### [WHAT NEEDS TO BE DONE]
From the line containing "مجموعة من إصدارات مجلة الصياد" to the final line of the entries, copy each line exactly. Pictures stay out.

[PROVIDED MATERIAL Boundary: Start]

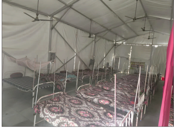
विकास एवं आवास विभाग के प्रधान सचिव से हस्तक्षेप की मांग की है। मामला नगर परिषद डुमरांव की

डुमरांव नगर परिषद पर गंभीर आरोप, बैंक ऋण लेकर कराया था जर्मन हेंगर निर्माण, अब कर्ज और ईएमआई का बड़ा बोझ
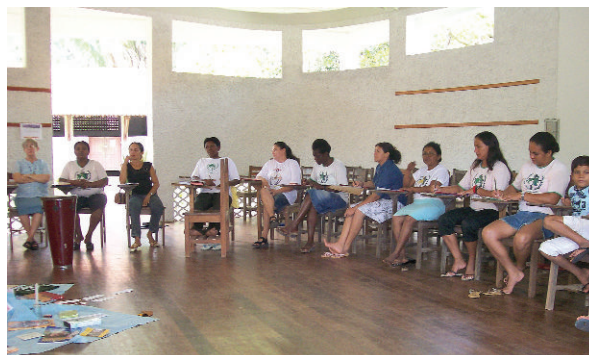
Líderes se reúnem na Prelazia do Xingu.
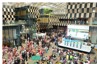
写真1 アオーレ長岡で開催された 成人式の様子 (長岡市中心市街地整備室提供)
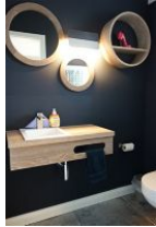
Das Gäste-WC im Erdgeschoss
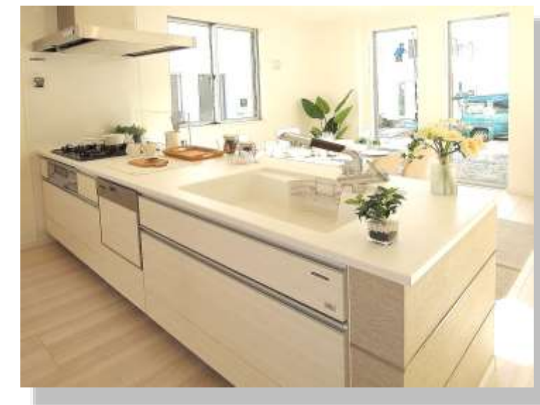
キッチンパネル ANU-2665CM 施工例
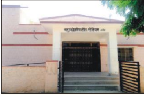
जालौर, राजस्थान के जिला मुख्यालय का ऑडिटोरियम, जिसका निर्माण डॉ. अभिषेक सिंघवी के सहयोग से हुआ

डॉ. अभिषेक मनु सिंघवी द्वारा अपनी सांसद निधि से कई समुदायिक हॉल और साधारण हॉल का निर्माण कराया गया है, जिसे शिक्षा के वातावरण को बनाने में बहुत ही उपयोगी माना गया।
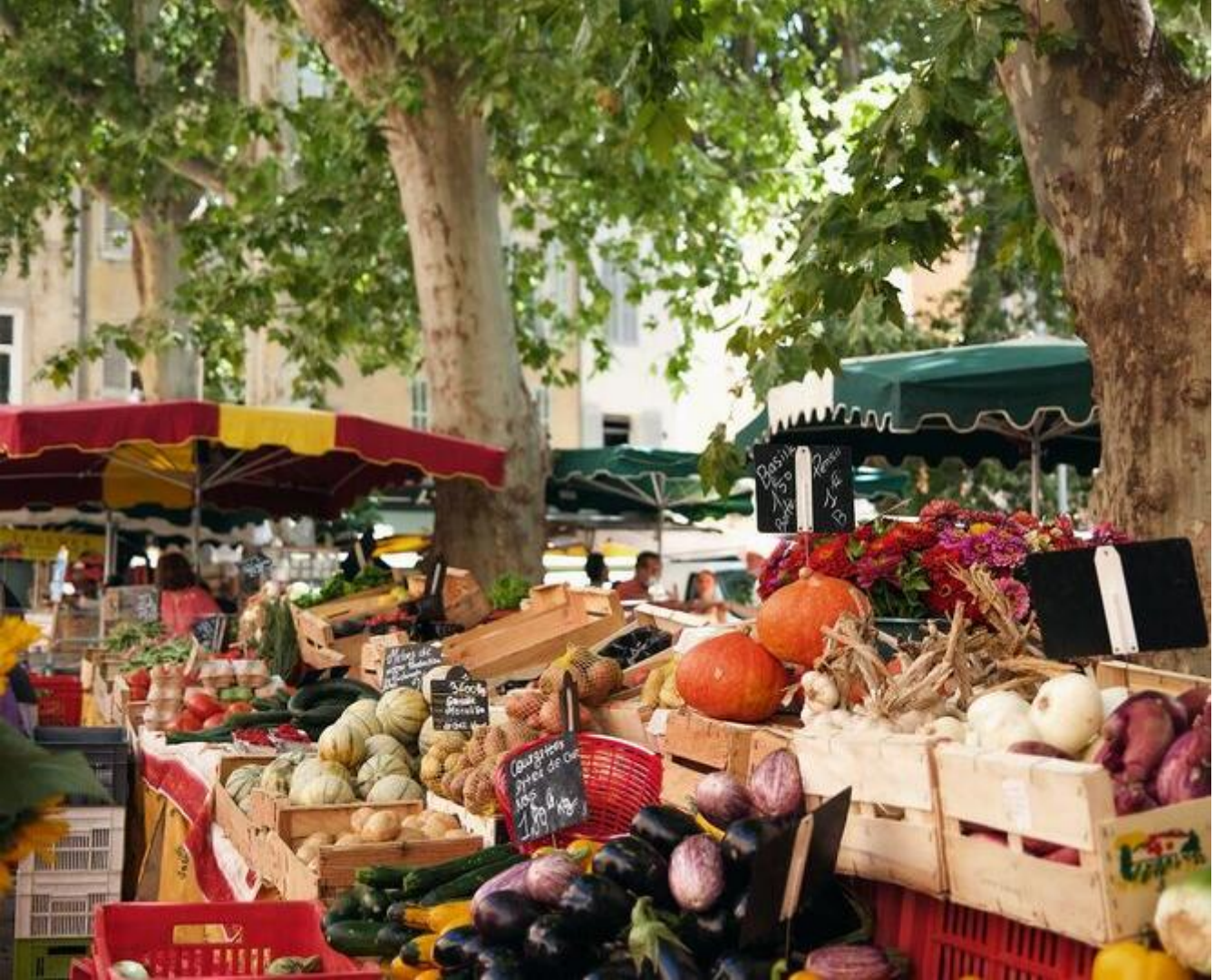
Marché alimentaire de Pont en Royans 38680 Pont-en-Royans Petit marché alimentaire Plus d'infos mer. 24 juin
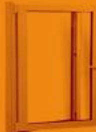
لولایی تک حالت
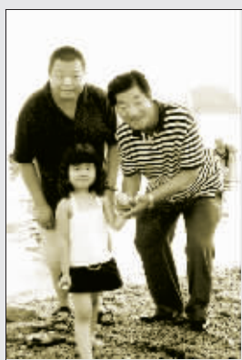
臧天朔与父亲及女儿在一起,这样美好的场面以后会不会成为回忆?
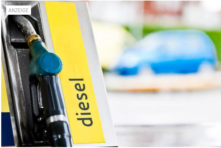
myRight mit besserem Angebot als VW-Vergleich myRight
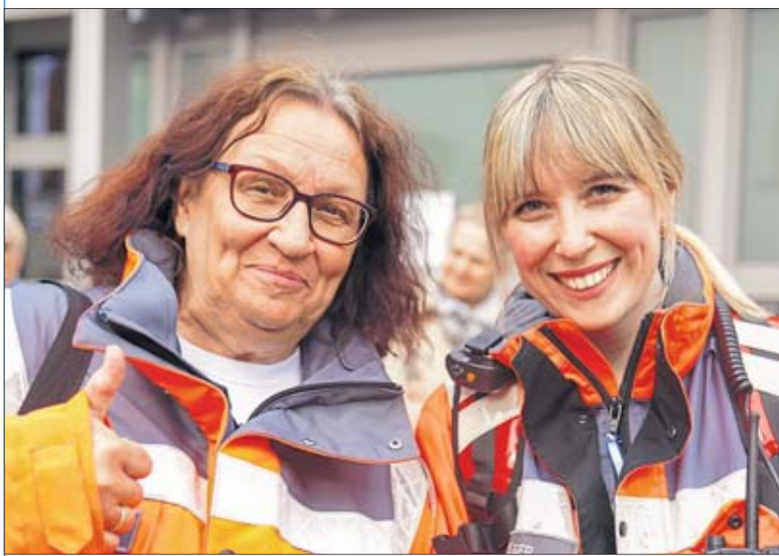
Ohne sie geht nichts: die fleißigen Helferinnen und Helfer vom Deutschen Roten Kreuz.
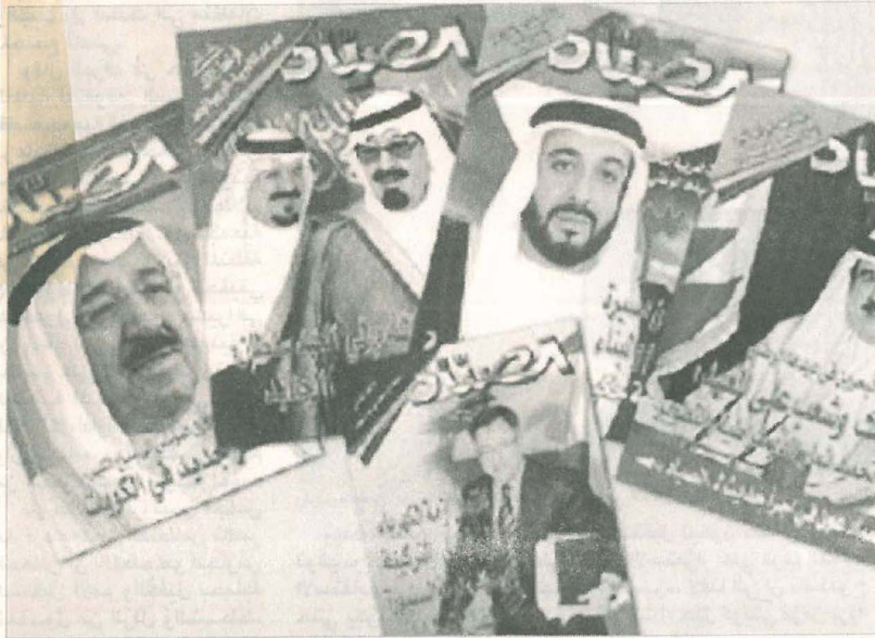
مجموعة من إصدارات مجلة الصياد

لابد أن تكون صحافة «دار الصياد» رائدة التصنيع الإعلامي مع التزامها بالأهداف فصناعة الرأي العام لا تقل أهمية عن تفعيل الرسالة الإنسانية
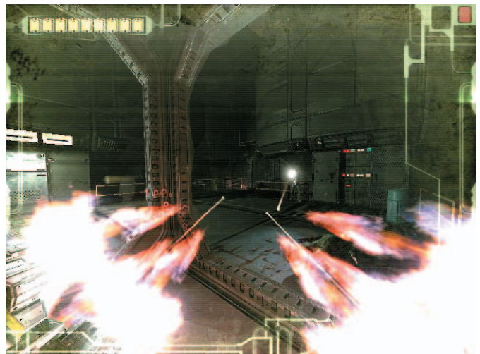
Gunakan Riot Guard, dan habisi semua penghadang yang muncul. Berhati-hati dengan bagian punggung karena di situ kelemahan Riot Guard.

[PROVIDED MATERIAL Boundary: End]

### [EXERCISE SOLUTION]
مجموعة من إصدارات مجلة الصياد

لابد أن تكون صحافة «دار الصياد» رائدة التصنيع الإعلامي مع التزامها بالأهداف فصناعة الرأي العام لا تقل أهمية عن تفعيل الرسالة الإنسانية
Gunakan Riot Guard, dan habisi semua penghadang yang muncul. Berhati-hati dengan bagian punggung karena di situ kelemahan Riot Guard.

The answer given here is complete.